8. Looking at all these type comparison prohibitions I am getting
afraid of how will we select from SCALAR columns?

A schema:

    box.execute('CREATE TABLE t (id INTEGER PRIMARY KEY, a SCALAR UNIQUE);')
    box.execute("INSERT INTO t VALUES (1, 1), (2, true), (3, false), (4, 'str')")

SQL select:

    > box.execute('SELECT * FROM t WHERE a > 1')
    ---
    - error: 'Type mismatch: can not convert INTEGER to boolean'
    ...

The same Lua select:

    > box.space.T.index[1]:select({1}, {iterator = 'GT'})
    ---
    - - [4, 'str']
    ...

In fact, now we can not use SCALAR in SQL for any comparisons
because it will raise type mismatch on literally everything.

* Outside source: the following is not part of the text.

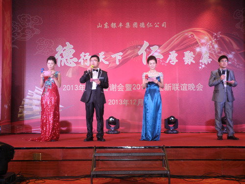 2013年12月21日下午16時,山東德仁經(jīng)濟(jì)貿(mào)易有限公司2013年“德行天下 仁厚聚親”廠商答謝會暨2014年新春聯(lián)誼晚會于藍(lán)海大酒店藍(lán)海大廳如期召開。本次大會到會廠商、經(jīng)銷商代表及社會各界來賓共計130余人,銀豐集團(tuán)董事長王偉先生、金融投資事業(yè)部總經(jīng)理趙曉陽先生、總經(jīng)理助理張伊辰女士、德仁公司總經(jīng)理朱倩女士等領(lǐng)導(dǎo)出席了答謝會。

What are we going to do with it? IMO, we could add a flag like
'is_scalar' to struct Mem in its flags section, which would allow
to compare this value with anything. Looks crutchy though. And is
not a part of this issue of course, but should be filed into the
issue list.

I see a similar issue https://github.com/tarantool/tarantool/issues/4124.
Probably, it is worth extending it instead of opening new.

>  		enum field_type type = pOp->p5 & FIELD_TYPE_MASK;
>  		if (sql_type_is_numeric(type)) {
> @@ -2414,6 +2438,8 @@ case OP_Or: {             /* same as TK_OR, in1, in2, out3 */
>  	pIn1 = &aMem[pOp->p1];
>  	if (pIn1->flags & MEM_Null) {
>  		v1 = 2;
> +	} else if ((pIn1->flags & MEM_Bool) != 0) {
> +		v1 = pIn1->u.b;
>  	} else {
>  		int64_t i;
>  		if (sqlVdbeIntValue(pIn1, &i) != 0) {
> @@ -2427,6 +2453,8 @@ case OP_Or: {             /* same as TK_OR, in1, in2, out3 */
>  	pIn2 = &aMem[pOp->p2];
>  	if (pIn2->flags & MEM_Null) {
>  		v2 = 2;
> +	} else if ((pIn2->flags & MEM_Bool) != 0) {
> +		v2 = pIn2->u.b;
>  	} else {
>  		int64_t i;
>  		if (sqlVdbeIntValue(pIn2, &i) != 0) {
> @@ -2540,6 +2568,8 @@ case OP_IfNot: {            /* jump, in1 */
>  	pIn1 = &aMem[pOp->p1];
>  	if (pIn1->flags & MEM_Null) {
>  		c = pOp->p3;
> +	} else if ((pIn1->flags & MEM_Bool) != 0) {
> +		c = pOp->opcode==OP_IfNot ? ! pIn1->u.b : pIn1->u.b;
>  	} else {
>  		double v;
>  		if (sqlVdbeRealValue(pIn1, &v) != 0) {
> diff --git a/src/box/sql/vdbeapi.c b/src/box/sql/vdbeapi.c
> index 6e867ca84..e1302afc0 100644
> --- a/src/box/sql/vdbeapi.c
> +++ b/src/box/sql/vdbeapi.c
> @@ -982,6 +990,14 @@ sql_column_int(sql_stmt * pStmt, int i)
>  	return val;
>  }
>  
> +bool
> +sql_column_boolean(sql_stmt *stmt, int i)
> +{
> +	bool val = sql_value_boolean(columnMem(stmt, i));
> +	columnMallocFailure(stmt);
> +	return val;
> +}
> +
>  sql_int64
>  sql_column_int64(sql_stmt * pStmt, int i)
>  {

9. You did not update sql_bind_value(), now it binds NULL
on any boolean value. On the other hand it is not used at
all and probably could be removed.

> diff --git a/src/box/sql/vdbeaux.c b/src/box/sql/vdbeaux.c
> index 0cc3c1487..0f56028e5 100644
> --- a/src/box/sql/vdbeaux.c
> +++ b/src/box/sql/vdbeaux.c
> @@ -3383,6 +3383,17 @@ sqlMemCompare(const Mem * pMem1, const Mem * pMem2, const struct coll * pColl)
>  		return (f2 & MEM_Null) - (f1 & MEM_Null);
>  	}
>  
> +	if (combined_flags & MEM_Bool) {

10. Sorry for nit, but we use explicit != 0 in conditions.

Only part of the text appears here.